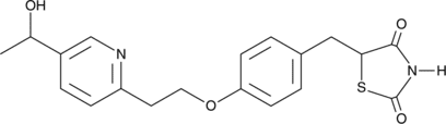 Hydroxy pioglitazone is a major metabolite of the peroxisome proliferator-activated receptor ? (PPAR?) agonist pioglitazone (Item Nos. 71745 | 22263 | 10028).{48274} It is formed from pioglitazone by the cytochrome P450 (CYP) isoform CYP2C8 with minor contributions from CYP3A4.{48275} Hydroxy pioglitazone binds to PPAR? (Ki = 1.2 ?M) and activates PPAR? in a time-resolved FRET (TR-FRET) assay (EC50 = 2.1 ?M).{48274}
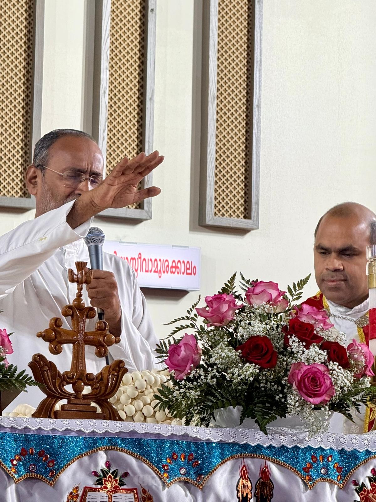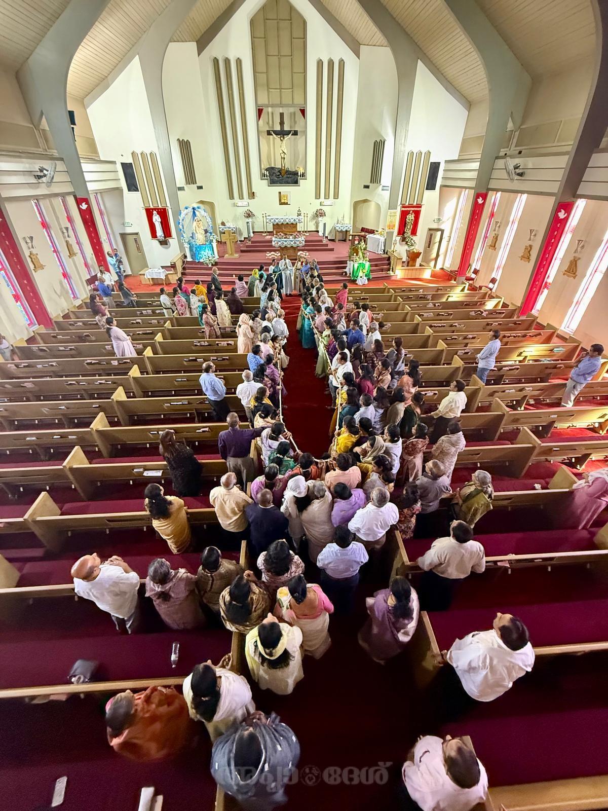 വിശുദ്ധ കുര്‍ബാനയോടുകൂടി ബഹു. വികാരി ഫാ. ബിന്‍സ് ചേത്തലിന്റെ സാന്നിധ്യത്തില്‍ ഫാ.ഡേവിഡ് ചിറമേല്‍ അള്‍ത്താര മുന്‍പില്‍ ആ വലിയ ജപമാല, പ്രാര്‍ഥനയോടെ പ്രതിഷ്ഠിച്ചപ്പോള്‍ സ്വര്‍ഗത്തിലേക്ക് ഉയര്‍ന്നത് ഒരു നാടിന്റെ മുഴുവനും പ്രാര്‍ഥനകളും സ്വപ്നങ്ങളും ദൈവസ്‌നേഹവുമായിരുന്നു. 1250 മുത്തുകളുള്ള നീളന്‍ ജപമാലയും കൈയിലേന്തി ജപമാല ചൊല്ലി ഏറെ ഭക്തിയോടെ വെളുപ്പിനെ 5 മണിക്ക് ആരംഭിച്ച അഖണ്ഡ ജപമാല 9 മണിക്ക് വി.കുര്‍ബാനയോടെയാണ് സമാപിച്ചത്.
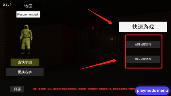 2、“快速游戏”是指和随机匹配,如果想要和朋友一起玩,选择“创建秘密游戏”可以创建房间 。
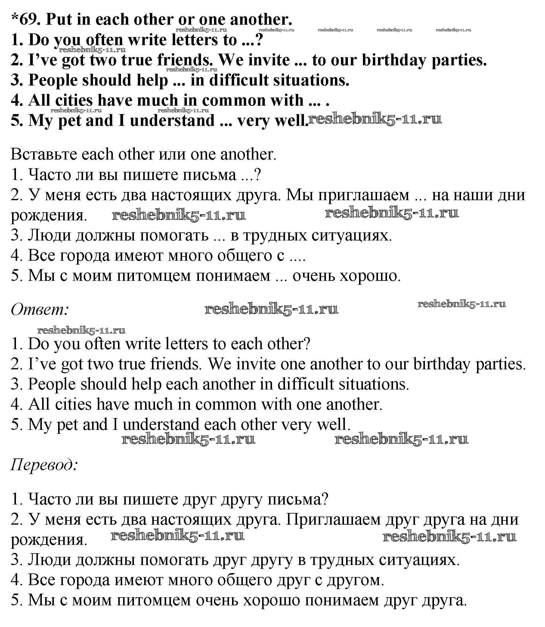 Готовая домашняя работа с ответами по Английскому языку за 7 класс Биболетова, Трубанева Учебник УМК Титул 2015 ФГОС - Exercises 69
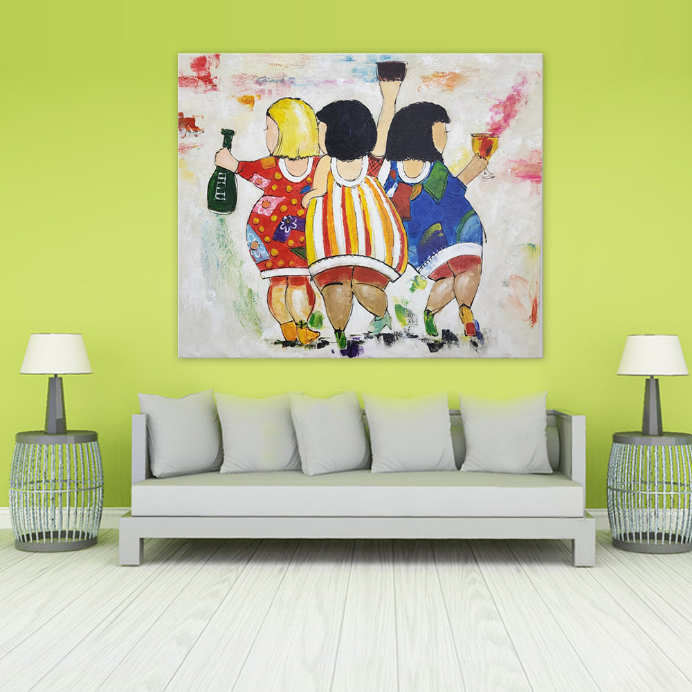 Tepid Divas - Quirky, Whimsical Painting Featuring Three Stylized Women At A Party, Size 100x120cm
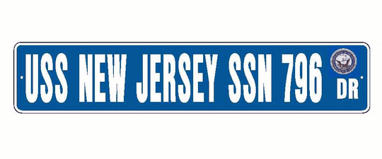 USS NEW JERSEY SSN 796 Aluminum Street Sign Blue / White 6" x 30" Military USN SS001

::::

:: Work instructions ::
Give the lines again exactly, starting where the entries begin and stopping once the line with "Tepid Divas - Quirky, Whimsical" is included; pictures are not copied.

:: Answer below ::
 Hydroxy pioglitazone is a major metabolite of the peroxisome proliferator-activated receptor ? (PPAR?) agonist pioglitazone (Item Nos. 71745 | 22263 | 10028).{48274} It is formed from pioglitazone by the cytochrome P450 (CYP) isoform CYP2C8 with minor contributions from CYP3A4.{48275} Hydroxy pioglitazone binds to PPAR? (Ki = 1.2 ?M) and activates PPAR? in a time-resolved FRET (TR-FRET) assay (EC50 = 2.1 ?M).{48274}
 വിശുദ്ധ കുര്‍ബാനയോടുകൂടി ബഹു. വികാരി ഫാ. ബിന്‍സ് ചേത്തലിന്റെ സാന്നിധ്യത്തില്‍ ഫാ.ഡേവിഡ് ചിറമേല്‍ അള്‍ത്താര മുന്‍പില്‍ ആ വലിയ ജപമാല, പ്രാര്‍ഥനയോടെ പ്രതിഷ്ഠിച്ചപ്പോള്‍ സ്വര്‍ഗത്തിലേക്ക് ഉയര്‍ന്നത് ഒരു നാടിന്റെ മുഴുവനും പ്രാര്‍ഥനകളും സ്വപ്നങ്ങളും ദൈവസ്‌നേഹവുമായിരുന്നു. 1250 മുത്തുകളുള്ള നീളന്‍ ജപമാലയും കൈയിലേന്തി ജപമാല ചൊല്ലി ഏറെ ഭക്തിയോടെ വെളുപ്പിനെ 5 മണിക്ക് ആരംഭിച്ച അഖണ്ഡ ജപമാല 9 മണിക്ക് വി.കുര്‍ബാനയോടെയാണ് സമാപിച്ചത്.
 2、“快速游戏”是指和随机匹配,如果想要和朋友一起玩,选择“创建秘密游戏”可以创建房间 。
 Готовая домашняя работа с ответами по Английскому языку за 7 класс Биболетова, Трубанева Учебник УМК Титул 2015 ФГОС - Exercises 69
 Tepid Divas - Quirky, Whimsical Painting Featuring Three Stylized Women At A Party, Size 100x120cm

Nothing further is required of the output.